Are business cards still relevant?
In an age where technology is forever developing and replacing old ways of doing things, business cards still seem to be one of the first things a business concentrates on arranging. But are business cards still relevant today?
Why business cards still matter
It was pointed out in a previous blog post that networking is a great way to help raise awareness of you and your brand. But imagine going to an event with nothing but you. You have nothing for people to take away and remember you by
A business card, albeit small with few details on it, can keep you at the forefront of someone's mind. Most people keep them in their wallet, on their desks, or in an address book of some sort. All you need is a design that stands out and keep yourself at the forefront of their mind.
Now imagine being at the same event without a business card. You've managed to talk to someone and they're really interested in your products and services, and want you details. Writing them down on a napkin doesn't give the same impression as you would want to give. It's also important to remember that this isn't just a first impression for a potential new client - it's a last impression too.
It's all about branding
Branding is a key to many businesses, and what better way to show off your brand than to put it on your business card? The chances are, unless you're a freelancer, whoever receives your business card is unlikely to remember who you are, but with a bit of branding you can fix the message of your brand in their mind.
Connect the digital dots
With the help of QR (Quick Response) codes, you can allow people to scan a barcode on your business card and save all your contact details directly into their address book, making it convenient for them too.
Networking events are good to meet new people and grow the network of people you know. Some people believe this is the way to grow your business successfully ("it's not what you know, it's who you know"), and it can be correct in some situations. Have you ever hired a builder because you know one? Or did you contact several builders and ask for some quotes before making a decision? It's a natural reaction for people to hire those that you know because of trust, and while business cards are good for this, the digital world is helping us to connect far easier - without business cards.
As a professional, you probably have a LinkedIn profile, which is great to connect to those you know, in a similar way you hand over a business card. But as Ilya Pozin, Founder of PlutoTV, mentions in his LinkedIn post:
It's become normal to see people at networking events in L.A. using their phones to collect contact information right there on the spot. Fast-forward a few years, and it won't be surprising to find Google Glass-wearing techies exchanging contact information by looking at each other.

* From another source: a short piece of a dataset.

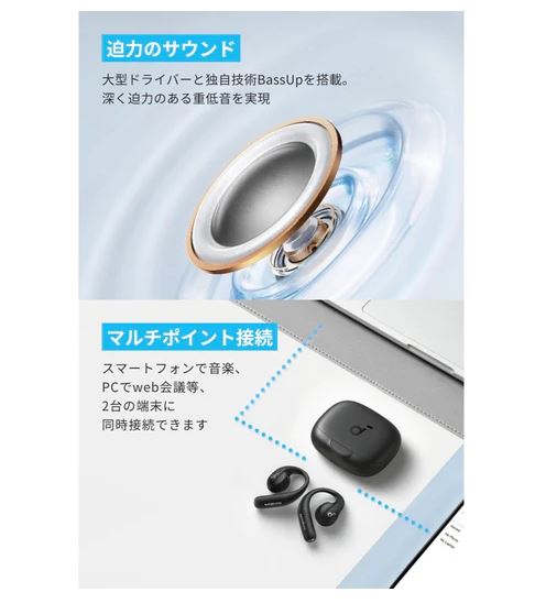 ※2023.12/1より、LDACに対応致しました。 (LDACはAndroid 8.0以降のデバイスでのみ使用可能です。Soundcoreアプリをver.3.4.4にアップデートしてご使用ください。尚、12/1以前にご購入いただいたお客様に関してもご使用いただくことが可能です。)

With the increase of technology such as Google Glass and virtual reality headsets, will we even have the need to attend an event in person? Couldn't we just send our details virtually between each other in a digital networking event? As technology grows, paper based marketing of any sort has slowly declined, from the increase of digital billboards to the drop in numbers of newspaper sales. Could the business card be next to go, or has it already gone?
It's all down to you
However you hand over your information is down to you as an individual or a business. It sets the example of how you work. Whether or not the business card continues to be relevant, is to be seen. Time will certainly tell.